The author notes that they are interested in trying out the app themselves, given their interest in both 3D printing and AI. They plan to explore the app further as more information becomes available, to see the quality of the 3D models it can produce from user selfies.

AI Accurately Determines Sex from Dental X-Rays

AI systems have achieved a 96% accuracy in determining the sex of individuals from their dental X-rays. Researchers trained an AI model on a large dataset of dental images and found that it could accurately identify the sex of the individuals, with the exception of children under the age of 6 who had not yet lost their baby teeth.

The primary use case for this technology is in forensics, where it can help identify the sex of skeletal remains based on dental evidence. The high accuracy rate of the AI system makes it a valuable tool for investigators and anthropologists working to determine the identity of unknown individuals.

While the technology is still in its early stages, the findings demonstrate the potential for AI to revolutionize various fields, including forensics and medical diagnostics. As the technology continues to evolve, it is likely that we will see even more impressive applications of AI in the years to come.

Open AI Releases GPT-4 Mini

Open AI has just launched a new model called GPT-4 Mini, which is a smaller and more cost-efficient version of their powerful GPT-4 language model.

The key details about GPT-4 Mini:

It is replacing the older GPT-3.5 model, providing faster and smarter capabilities.
It supports text and vision inputs/outputs, with plans to add support for video and audio in the future.
It has a 128,000 token context window, allowing for large amounts of input text.
The output is limited to 16,000 tokens.
In model evaluation benchmarks, GPT-4 Mini performs second best overall, behind the full GPT-4 model.
The new model is available to Chat GPT Plus and team users starting today.
The free version of Chat GPT is still using the older GPT-3.5 model for now.

This release of a smaller, more efficient version of GPT-4 allows Open AI to better compete with other large language models from companies like Nvidia and Anthropic. It provides a powerful yet cost-effective option for businesses and developers who want to leverage advanced language AI capabilities.

Nvidia and Mistol Collaborate on Mistol Nemo Model

Nvidia and Mistol, the French AI company, have teamed up to create Mistol Nemo, a 12 billion parameter large language model. This model is designed to be efficient and capable of local deployment, making it attractive for businesses with limited internet connectivity or strict data privacy requirements.

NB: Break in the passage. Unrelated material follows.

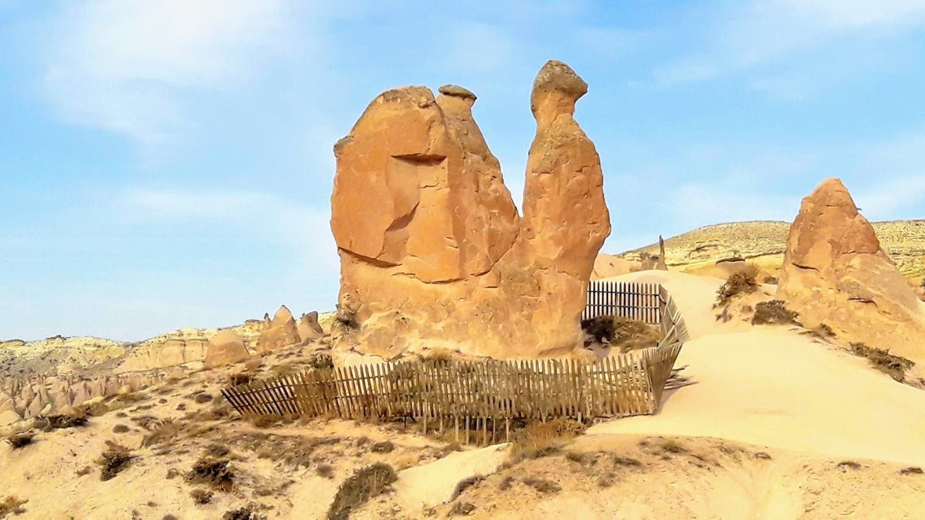 卡帕多奇亞.駱駝岩這塊岩石長得像駱駝,因此名駱駝岩Camel Rock,以前沒圍柵欄,但因為遊客時常攀爬,為了保護駱駝岩,因此才裝了柵欄

The Mistol Nemo model has a context window of 128,000 tokens, similar to the newly released GPT-4 Mini from OpenAI. This large context window allows the model to handle extensive input and output text.

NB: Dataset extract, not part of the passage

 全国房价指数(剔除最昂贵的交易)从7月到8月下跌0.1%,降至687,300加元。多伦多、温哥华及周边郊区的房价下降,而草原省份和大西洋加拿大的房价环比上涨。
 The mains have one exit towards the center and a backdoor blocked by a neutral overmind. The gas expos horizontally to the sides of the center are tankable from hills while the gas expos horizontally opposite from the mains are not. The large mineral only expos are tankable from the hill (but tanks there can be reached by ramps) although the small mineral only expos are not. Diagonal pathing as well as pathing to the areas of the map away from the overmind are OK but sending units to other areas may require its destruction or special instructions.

While the model is more suited for laptops and desktop PCs rather than smartphones, it offers the capability to run a powerful large language model locally, without the need for constant internet access. This feature could be particularly appealing for companies with concerns about data privacy or operating in environments with limited connectivity.

The Mistol Nemo model is immediately available, and a downloadable version is promised in the near future. Businesses interested in leveraging a high-performance, locally deployable large language model can explore this collaboration between Nvidia and Mistol.

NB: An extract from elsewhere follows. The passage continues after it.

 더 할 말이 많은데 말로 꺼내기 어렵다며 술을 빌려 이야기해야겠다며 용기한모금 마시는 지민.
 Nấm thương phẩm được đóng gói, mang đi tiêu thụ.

Google AI Featured in 2024 Olympics

Google is the official AI sponsor for Team USA at the 2024 Summer Olympics. The tech giant plans to have advertisements featuring its various AI products across the Olympic broadcasts. Viewers can expect to see a heavy presence of Google's AI technology during the coverage of the games.

FAQ

What are the five levels of progress towards AGI according to OpenAI?

What is the new reasoning technology codenamed 'Strawberry' that OpenAI is working on?

What are the concerns raised about OpenAI's policies and contracts with employees?

What is the new 'YouTube Music Sound Search' feature?

What is the controversy around the training data used by some AI models?